*** Block opens ***

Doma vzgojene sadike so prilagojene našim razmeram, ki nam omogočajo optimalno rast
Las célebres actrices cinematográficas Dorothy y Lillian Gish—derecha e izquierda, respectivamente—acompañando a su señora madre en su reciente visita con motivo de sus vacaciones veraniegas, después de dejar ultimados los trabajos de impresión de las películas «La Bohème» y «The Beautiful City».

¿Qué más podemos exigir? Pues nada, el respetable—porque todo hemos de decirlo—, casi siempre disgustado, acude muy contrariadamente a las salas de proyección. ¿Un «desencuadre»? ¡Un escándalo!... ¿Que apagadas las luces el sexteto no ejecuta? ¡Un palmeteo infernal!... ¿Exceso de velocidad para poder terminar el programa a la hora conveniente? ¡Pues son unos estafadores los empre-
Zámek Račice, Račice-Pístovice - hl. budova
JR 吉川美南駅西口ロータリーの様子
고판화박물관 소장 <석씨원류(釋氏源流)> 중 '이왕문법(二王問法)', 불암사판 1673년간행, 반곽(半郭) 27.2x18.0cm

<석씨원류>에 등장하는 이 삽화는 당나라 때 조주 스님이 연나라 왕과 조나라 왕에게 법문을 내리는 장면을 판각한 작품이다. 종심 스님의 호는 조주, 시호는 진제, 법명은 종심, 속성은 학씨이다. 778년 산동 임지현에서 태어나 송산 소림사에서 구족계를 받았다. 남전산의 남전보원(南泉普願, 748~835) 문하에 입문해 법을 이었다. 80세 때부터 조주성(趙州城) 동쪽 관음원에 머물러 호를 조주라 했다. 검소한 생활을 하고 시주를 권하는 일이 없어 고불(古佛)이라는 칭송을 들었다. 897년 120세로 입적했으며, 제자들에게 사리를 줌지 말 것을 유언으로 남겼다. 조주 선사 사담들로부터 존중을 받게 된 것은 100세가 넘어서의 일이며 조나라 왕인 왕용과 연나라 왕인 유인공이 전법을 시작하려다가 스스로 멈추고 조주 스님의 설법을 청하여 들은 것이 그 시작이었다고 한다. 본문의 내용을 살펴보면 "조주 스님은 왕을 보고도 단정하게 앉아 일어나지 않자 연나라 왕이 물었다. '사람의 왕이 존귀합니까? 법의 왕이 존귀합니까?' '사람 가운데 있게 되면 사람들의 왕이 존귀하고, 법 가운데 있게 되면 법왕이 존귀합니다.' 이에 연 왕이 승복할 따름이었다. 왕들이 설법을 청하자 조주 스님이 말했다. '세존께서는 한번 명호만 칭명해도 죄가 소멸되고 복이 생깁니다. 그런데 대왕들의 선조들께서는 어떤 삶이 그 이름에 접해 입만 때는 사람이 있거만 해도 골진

*** Block closes ***
*** Block opens ***

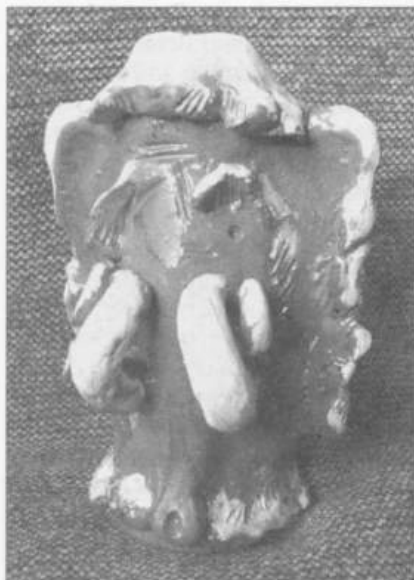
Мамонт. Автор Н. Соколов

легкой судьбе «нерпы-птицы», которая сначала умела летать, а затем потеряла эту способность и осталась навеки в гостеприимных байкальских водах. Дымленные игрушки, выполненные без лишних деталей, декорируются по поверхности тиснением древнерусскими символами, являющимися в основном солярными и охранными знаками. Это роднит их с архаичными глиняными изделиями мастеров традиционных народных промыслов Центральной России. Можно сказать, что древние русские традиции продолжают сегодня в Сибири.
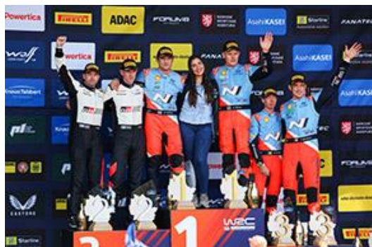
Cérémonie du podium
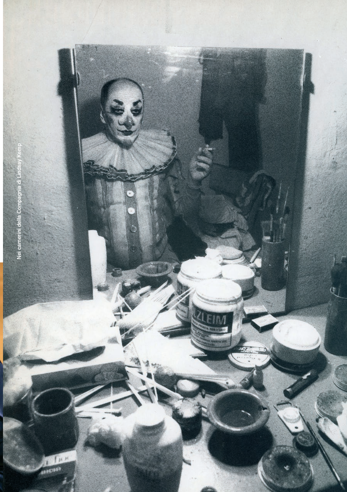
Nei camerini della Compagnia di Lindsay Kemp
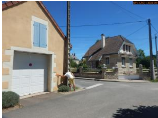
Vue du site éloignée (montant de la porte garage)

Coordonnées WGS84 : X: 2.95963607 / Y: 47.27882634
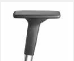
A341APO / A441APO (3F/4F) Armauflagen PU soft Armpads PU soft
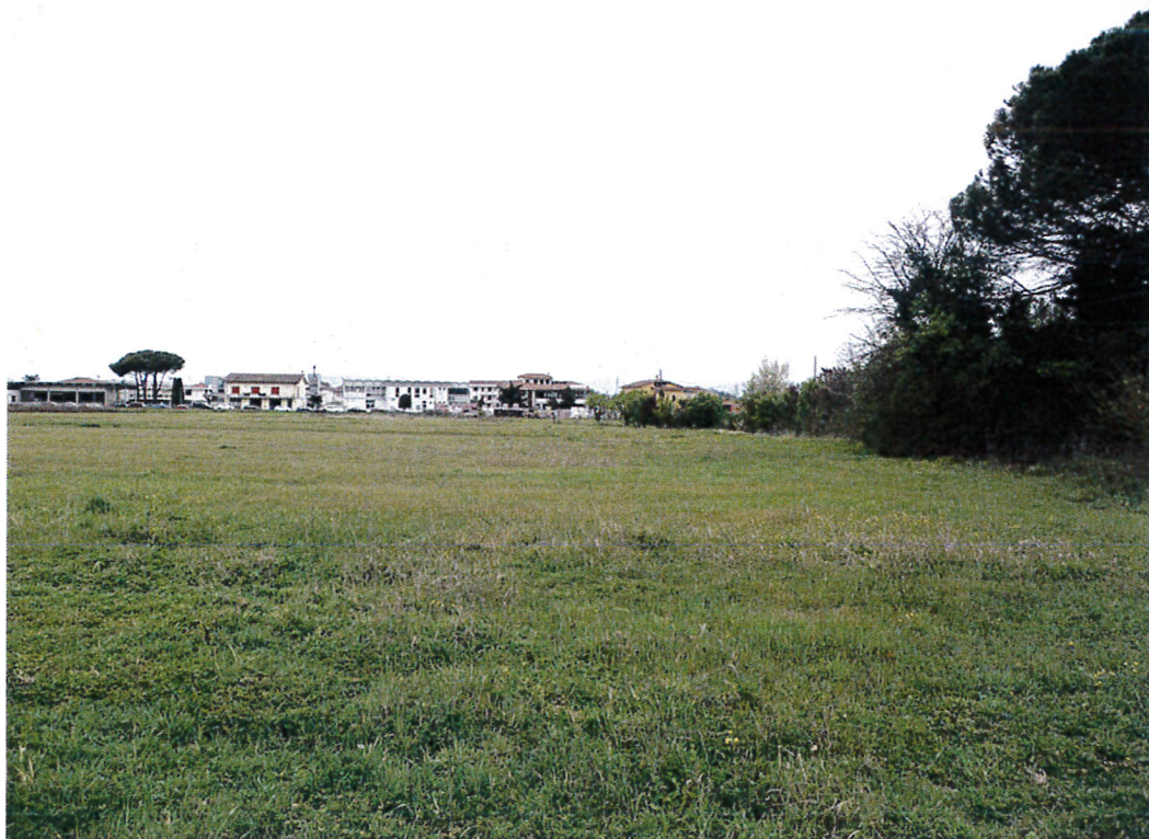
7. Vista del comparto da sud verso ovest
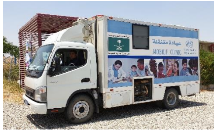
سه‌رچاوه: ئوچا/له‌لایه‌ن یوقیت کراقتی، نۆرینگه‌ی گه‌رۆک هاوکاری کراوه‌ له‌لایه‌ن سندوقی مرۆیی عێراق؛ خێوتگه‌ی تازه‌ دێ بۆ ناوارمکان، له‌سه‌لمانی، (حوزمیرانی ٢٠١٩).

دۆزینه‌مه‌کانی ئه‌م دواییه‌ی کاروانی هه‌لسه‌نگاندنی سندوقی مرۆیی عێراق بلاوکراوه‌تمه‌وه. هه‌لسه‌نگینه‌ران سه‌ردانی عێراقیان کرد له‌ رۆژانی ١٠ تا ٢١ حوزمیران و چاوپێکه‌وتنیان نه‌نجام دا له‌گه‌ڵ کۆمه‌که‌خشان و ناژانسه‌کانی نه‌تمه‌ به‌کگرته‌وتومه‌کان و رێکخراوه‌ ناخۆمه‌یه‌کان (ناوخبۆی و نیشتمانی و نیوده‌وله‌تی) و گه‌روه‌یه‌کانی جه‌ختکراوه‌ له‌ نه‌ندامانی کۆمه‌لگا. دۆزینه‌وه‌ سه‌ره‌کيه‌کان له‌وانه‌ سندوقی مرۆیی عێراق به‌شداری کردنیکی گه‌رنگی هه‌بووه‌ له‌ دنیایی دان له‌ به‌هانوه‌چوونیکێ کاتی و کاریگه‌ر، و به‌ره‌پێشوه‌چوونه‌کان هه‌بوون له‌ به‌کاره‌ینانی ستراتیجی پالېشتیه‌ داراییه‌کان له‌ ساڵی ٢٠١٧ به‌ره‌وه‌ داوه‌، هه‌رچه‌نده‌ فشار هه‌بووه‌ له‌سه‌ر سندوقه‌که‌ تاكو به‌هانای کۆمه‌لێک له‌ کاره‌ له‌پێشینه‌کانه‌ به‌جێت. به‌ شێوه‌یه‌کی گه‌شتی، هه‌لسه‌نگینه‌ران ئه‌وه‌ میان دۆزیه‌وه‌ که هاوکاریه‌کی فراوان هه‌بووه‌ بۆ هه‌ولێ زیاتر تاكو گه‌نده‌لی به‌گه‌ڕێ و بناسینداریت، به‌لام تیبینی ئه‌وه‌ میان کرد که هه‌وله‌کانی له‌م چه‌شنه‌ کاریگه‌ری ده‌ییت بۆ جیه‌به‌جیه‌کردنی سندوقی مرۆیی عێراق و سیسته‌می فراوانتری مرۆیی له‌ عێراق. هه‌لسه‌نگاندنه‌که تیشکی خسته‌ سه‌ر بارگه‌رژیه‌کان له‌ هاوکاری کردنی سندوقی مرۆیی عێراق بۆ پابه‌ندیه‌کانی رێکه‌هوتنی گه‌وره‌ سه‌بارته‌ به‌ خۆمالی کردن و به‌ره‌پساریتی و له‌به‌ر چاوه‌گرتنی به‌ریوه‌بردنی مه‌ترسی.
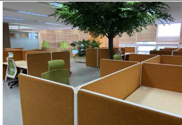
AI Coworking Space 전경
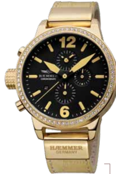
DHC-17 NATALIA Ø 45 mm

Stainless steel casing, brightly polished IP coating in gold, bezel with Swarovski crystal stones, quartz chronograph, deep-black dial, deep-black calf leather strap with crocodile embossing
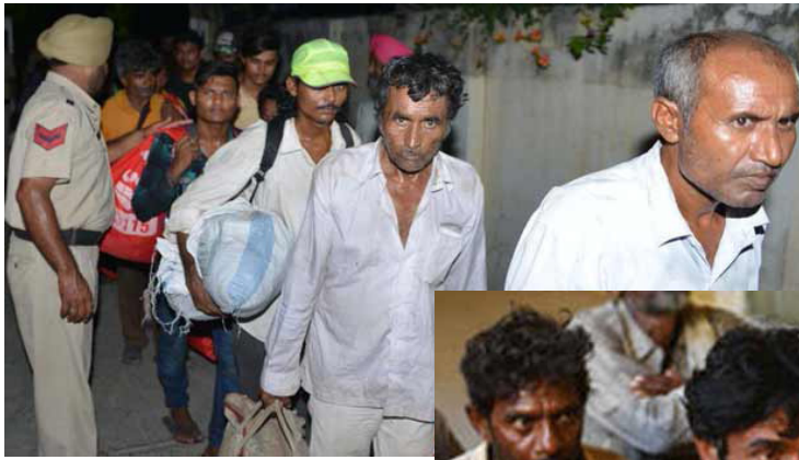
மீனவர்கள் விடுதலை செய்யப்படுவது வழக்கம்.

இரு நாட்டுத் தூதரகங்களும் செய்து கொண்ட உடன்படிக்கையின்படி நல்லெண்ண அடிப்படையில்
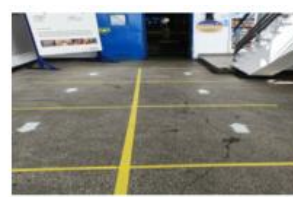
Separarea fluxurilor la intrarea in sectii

*** Block closes ***

- _What is needed_
Taking the listing above as the source, transcribe only the lines starting at the line with "Doma vzgojene sadike" and going through the line with "고판화박물관 소장 <석씨원류(釋氏源流)>", unaltered and with both ends included.

- _Result of the task_
Doma vzgojene sadike so prilagojene našim razmeram, ki nam omogočajo optimalno rast
Las célebres actrices cinematográficas Dorothy y Lillian Gish—derecha e izquierda, respectivamente—acompañando a su señora madre en su reciente visita con motivo de sus vacaciones veraniegas, después de dejar ultimados los trabajos de impresión de las películas «La Bohème» y «The Beautiful City».

¿Qué más podemos exigir? Pues nada, el respetable—porque todo hemos de decirlo—, casi siempre disgustado, acude muy contrariadamente a las salas de proyección. ¿Un «desencuadre»? ¡Un escándalo!... ¿Que apagadas las luces el sexteto no ejecuta? ¡Un palmeteo infernal!... ¿Exceso de velocidad para poder terminar el programa a la hora conveniente? ¡Pues son unos estafadores los empre-
Zámek Račice, Račice-Pístovice - hl. budova
JR 吉川美南駅西口ロータリーの様子
고판화박물관 소장 <석씨원류(釋氏源流)> 중 '이왕문법(二王問法)', 불암사판 1673년간행, 반곽(半郭) 27.2x18.0cm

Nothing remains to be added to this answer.